Fig 4. Double mutant analysis confirms PIF4 and ELF3 independence in adult temperature responses and non-redundancy of PIF4 with PIF5.

(A): Col, elf3-200, pif4-2, and elf3-200 pif4-2 plants grown under long days with two different temperature regimes were photographed at 25 days post germination. (B): Petiole elongation responses of the indicated genotypes, measured by ratio of petiole to whole leaf length at 25 days post germination. (C) and (D): Flowering temperature response of indicated genotypes, measured by rosette leaf number (RLN) at flowering. (B) and (C): n > 8 plants for each genotype in each treatment. All “27°” plants were seeded and incubated one day at 22° before transfer to 27°. Experiments were repeated with similar results. Regression analysis of data reported in S6 and S7 Tables. In each case, **: Bonferroni-corrected p < 0.01, *: Bonferroni-corrected p < 0.05, in testing whether the genotype x environment interaction term (difference of 22°-27° response from the Col 22°-27° response) differs from zero. Outliers (defined as >1.5 interquartile ranges away from the median) of each distribution are indicated as points.

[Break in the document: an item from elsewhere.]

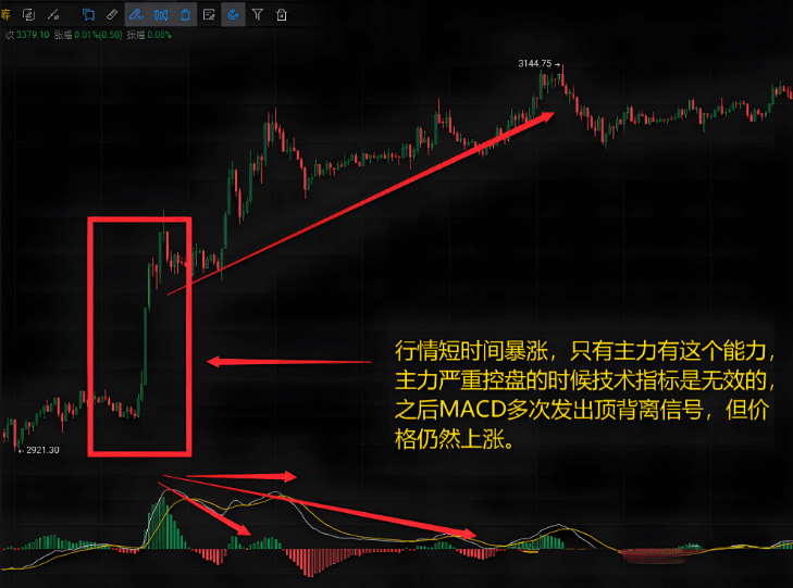 It should be pointed out that the cryptocurrency market occasionally sees low-probability one-sided trends. During these times, divergence becomes ineffective. This can be easily excluded by observing strength; when the strength of rise or fall is very high, the so-called strength refers to extremely rapid surges or drops, indicating that this is controlled by the main players. At this time, technical indicators become ineffective, and even the most accurate divergences will continue to diverge.
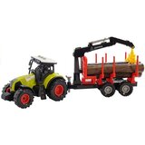 Tractor and forest trailer with woodWe offer a set of a tractor with a forestry trailer and a crane for an enthusiast of agriculture or forestry. A precisely made set with a forest trailer for transporting logs included in the set. The model reflecting the vehicle is not only a unique toy, but also an enrichment of many interesting collections. On the trailer there are 3 logs of trees that can be pulled out.Main features of the set with a forestry trailer: light effects three sound effects careful and solid workmanship rotating (360 ) crane retractable supports moving partsDimensions of the set elements: tractor: 14.5 cm x 8.5 cm x 9 cm trailer: 19 cm x 8 cm x 11.5 cm tree logs: 13.5 cm x 2 cm crane: length 16 cmBox dimensions:39 cm x 15 cm x 11 cmThe set is powered by three "AG13" 1.5 V batteries (included). The tractor is intended for children over 3 years of age. The set has a CE certificate and complies with the EN 71 standard. It is packed in a box with a glasscase, making it perfect for a gift.

Fig 5. ELF3 and GI regulate thermoresponsive flowering.

(A): Temperature-responsive expression of photoperiodic pathway components at ZT0. Expression of each gene is quantified relative to levels in Col at 22° (Col 22 = 1.0). Error bars represent SEM across three biological replicates. elf3-4: elf3 null in Ws background; elf3-200: elf3 null in Col background. (B): Thermoresponsive flowering in various flowering mutants. LD RLN = rosette leaf number at flowering under long days. *: Bonferroni-corrected p < 0.05 in testing whether the genotype x environment interaction term (difference of 22°-27° response from the Col 22°-27° response) differs from zero; details of regression model in S9 Table. (C) Thermoresponsive petiole elongation in various flowering mutants. For (B) and (C), n > = 8 plants of each genotype in each condition; white boxes indicate measurements at 22°, red boxes indicate measurements at 27°. gi: gi-2, co: co-101, spy: spy-3, soc1: soc1 T-DNA insertion, elf3: elf3-200. Outliers (defined as >1.5 interquartile ranges away from the median) of each distribution are indicated as points. This experiment was repeated with similar results. (D): Models of thermoresponsive flowering under long and short photoperiods. Dashed edges indicate speculated temperature sensing mechanisms. Edges with increased weight indicate relative increases of influence between conditions. Pathways are indicated, along with other important actors reported elsewhere.